Peng Lujie, Yang Junyu, Yan Longke, Chen Zhiyi, Xiao Jianbiao, Zhou Liang, Zhou Jun
Department of Internet of Things Engineering, School of Information and Communication Engineering, University of Electronic Science and Technology of China, Chengdu 611731, China.
Sensors (Basel). 2023 Jul 28;23(15):6767. doi: 10.3390/s23156767.

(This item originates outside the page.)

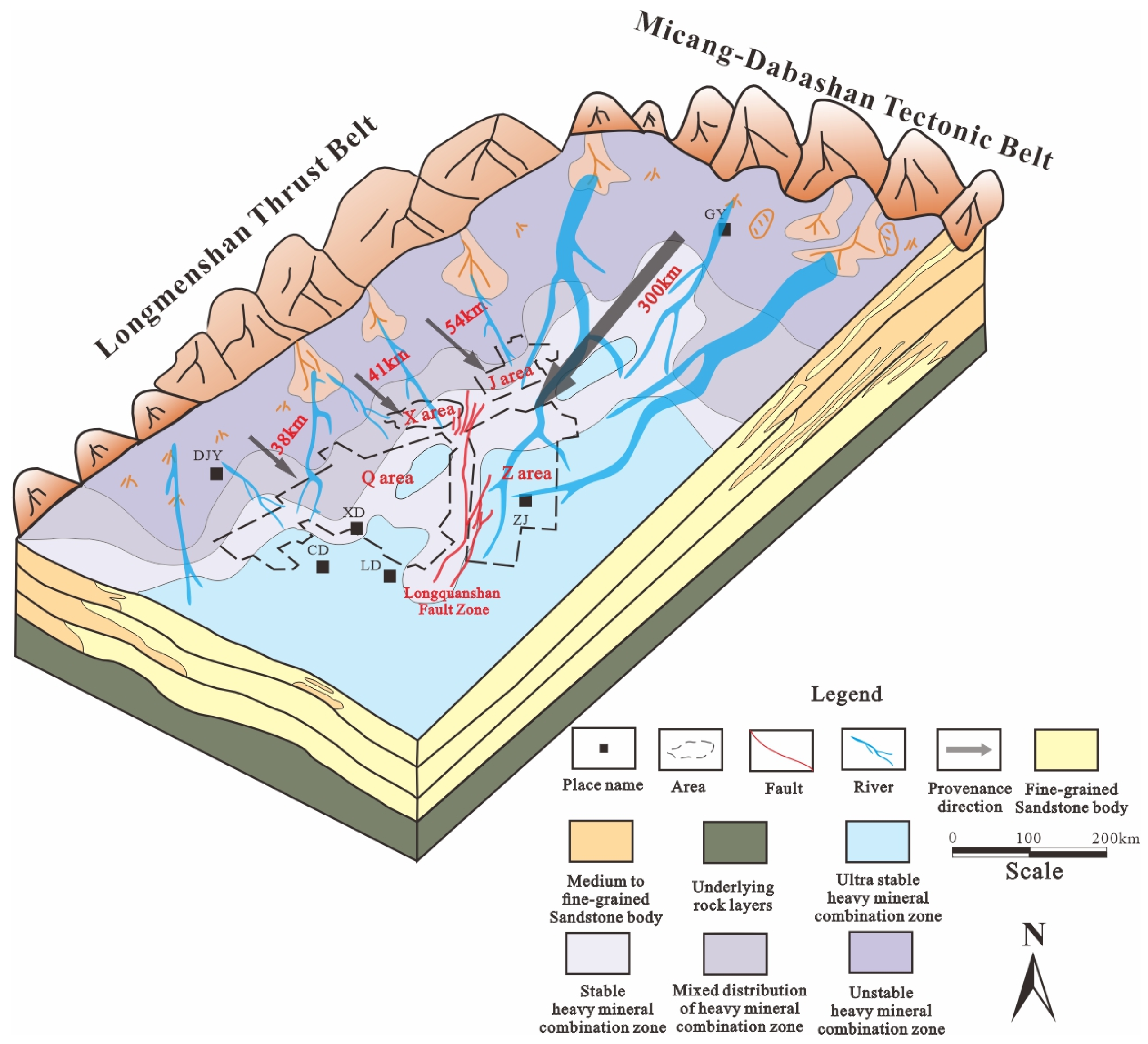 The provenance characteristics of region J are similar to those of regions X, Q, and J, indicating that it has dual provenance, mainly from Longmen Mountain in the west and MDTB in the northeast. The western region is 54 km (the approximate distance during the sedimentation period) away from the provenance area in a straight line, while the northeast region is relatively far away (less than 300 km) from the provenance area (Figure 12).

In recent years, environmental sound classification (ESC) has prevailed in many artificial intelligence Internet of Things (AIoT) applications, as environmental sound contains a wealth of information that can be used to detect particular events. However, existing ESC methods have high computational complexity and are not suitable for deployment on AIoT devices with constrained computing resources. Therefore, it is of great importance to propose a model with both high classification accuracy and low computational complexity. In this work, a new ESC method named BSN-ESC is proposed, including a big-small network-based ESC model that can assess the classification difficulty level and adaptively activate a big or small network for classification as well as a pre-classification processing technique with logmel spectrogram refining, which prevents distortion in the frequency-domain characteristics of the sound clip at the joint part of two adjacent sound clips. With the proposed methods, the computational complexity is significantly reduced, while the classification accuracy is still high. The proposed BSN-ESC model is implemented on both CPU and FPGA to evaluate its performance on both PC and embedded systems with the dataset ESC-50, which is the most commonly used dataset. The proposed BSN-ESC model achieves the lowest computational complexity with the number of floating-point operations (FLOPs) of only 0.123G, which represents a reduction of up to 2309 times in computational complexity compared with state-of-the-art methods while delivering a high classification accuracy of 89.25%. This work can achieve the realization of ESC being applied to AIoT devices with constrained computational resources.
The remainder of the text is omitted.